▸ **Task directions**
With the pictures left out, transcribe exactly the lines from the one with "我開發 FrameworkL" through the end of the data.

▸ **Data below**
# # #
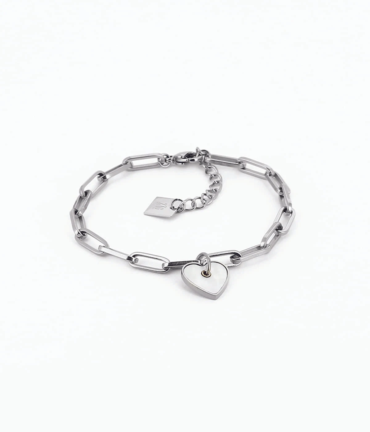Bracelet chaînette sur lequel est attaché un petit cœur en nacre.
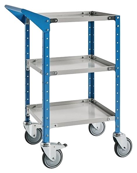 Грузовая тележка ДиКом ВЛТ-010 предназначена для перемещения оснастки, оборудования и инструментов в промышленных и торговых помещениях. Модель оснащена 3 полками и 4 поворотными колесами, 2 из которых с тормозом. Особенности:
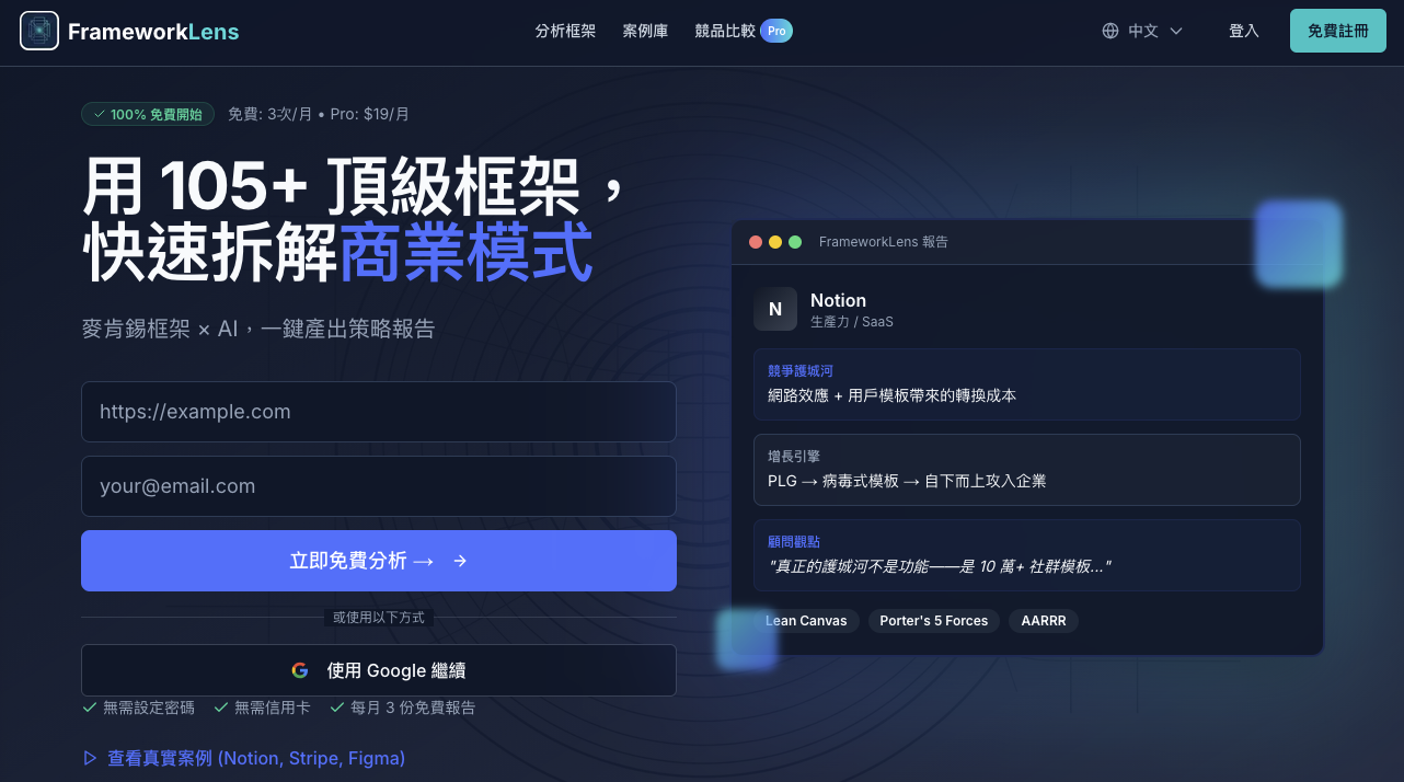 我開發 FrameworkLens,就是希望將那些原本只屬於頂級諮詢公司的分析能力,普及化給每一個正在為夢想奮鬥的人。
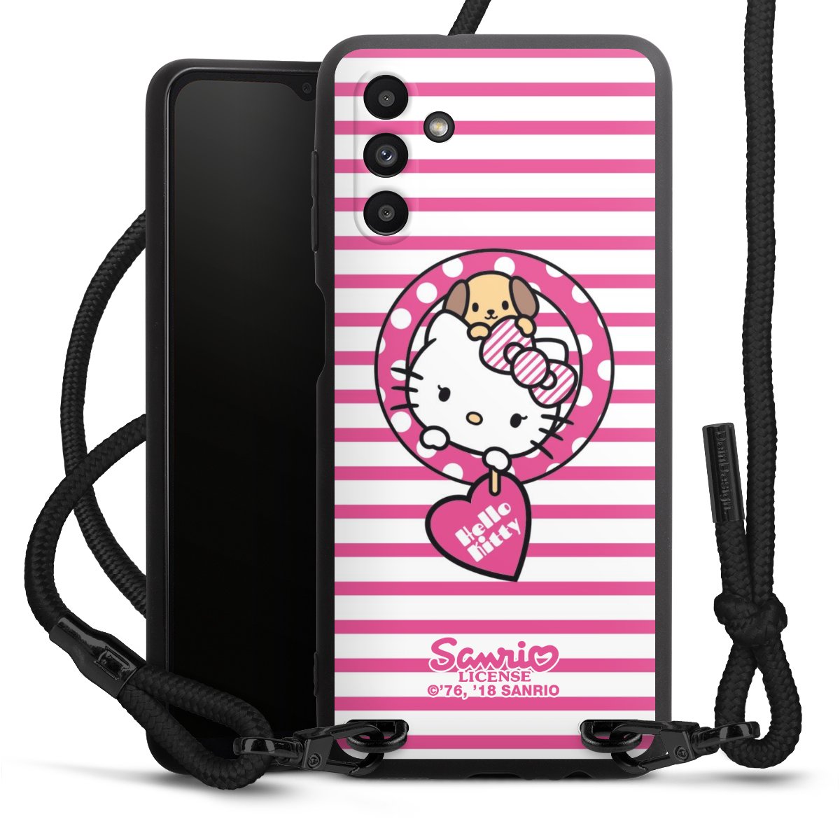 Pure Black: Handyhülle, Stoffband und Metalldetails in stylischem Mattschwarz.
# # #
▸ **Finished exercise**
 我開發 FrameworkLens,就是希望將那些原本只屬於頂級諮詢公司的分析能力,普及化給每一個正在為夢想奮鬥的人。
 Pure Black: Handyhülle, Stoffband und Metalldetails in stylischem Mattschwarz.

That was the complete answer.